Details on dosing and sampling:

MnCl2

PHARMACOKINETIC STUDY (Absorption, distribution, excretion)
- Tissues and body fluids sampled: Blood plasma (0.3-0.5mL)
- Time and frequency of sampling: 0, 0.05, 0.17, 0.33, 0.5, 1, 2, 4, 8, and 12 h

MMT

PHARMACOKINETIC STUDY (Absorption, distribution, excretion)
- Tissues and body fluids sampled: Blood plasma (0.3-0.5mL)
- Time and frequency of sampling: 0, 0.17, 0.5, 1, 2, 4, 8, 12, 24, 48, 120, 168, 288, 384, and 456 h

Statistics:

Statistical analysis for comparison of two means was performed usinf one-way ANOVA. In all cases, a probility level of p < 0.05 was considered as the criterion of significance.

Results and discussion

Toxicokinetic / pharmacokinetic studies

Toxicokinetic parametersopen allclose all

Any other information on results incl. tables

Upon iv administration of MnCl2, manganese rapidly disappeared from blood with a terminal elimination t1/2 of 1.83 h and CL8 of 0.43 L/h/kg. The plasma concentration-time profiles of manganese could be described by C = 41.9e(-424t) + 2.1e(-0.44t). Following oral administration of MnCl2, manganese rapidly entered the systemic circulation (Tmax = 0.25 h). The absolute oral bioavailability was about 13%. Oral dose of MMT resulted in a delayed Tmax (7.6 h), elevated Cmax (0.93 microg/mL), and prolonged terminal t1/2 (55.1 h). The rats receiving MMT had an apparent clearance (CL/F = 0.09 L/h x kg) about 37-fold less than did those who were dosed with MnCl2. Accordingly, the area under the plasma concentration-time curves (AUC) of manganese in MMT-treated rats was about 37-fold greater than that in MnCl2-treated rats. A gender-dependent difference in toxicokinetic profiles of plasma manganese was also observed. Female rats displayed a greater AUC than that of male rats. Although the apparent volume of distribution of manganese was similar in both sexes, the apparent clearance in males was about twice that observed in females.

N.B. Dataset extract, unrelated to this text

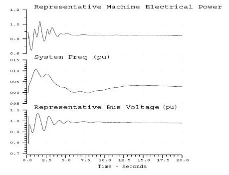 暫態(tài)分析看出:事故后20s內(nèi),頻率和電壓經(jīng)過搖擺后穩(wěn)定;電壓有所下降。系統(tǒng)顯現(xiàn)了比較樂觀的響應(yīng)。

Applicant's summary and conclusion

Conclusions:

Interpretation of results: low bioaccumulation potential based on study results
The results indicated that after oral administration, the MMT-derived manganese displayed higher and more prolonged plasma concentration-time profiles than MnCl2-derived manganese. Thus, MMT-derived manganese appeared likely to accumulate in the body following repeated exposure.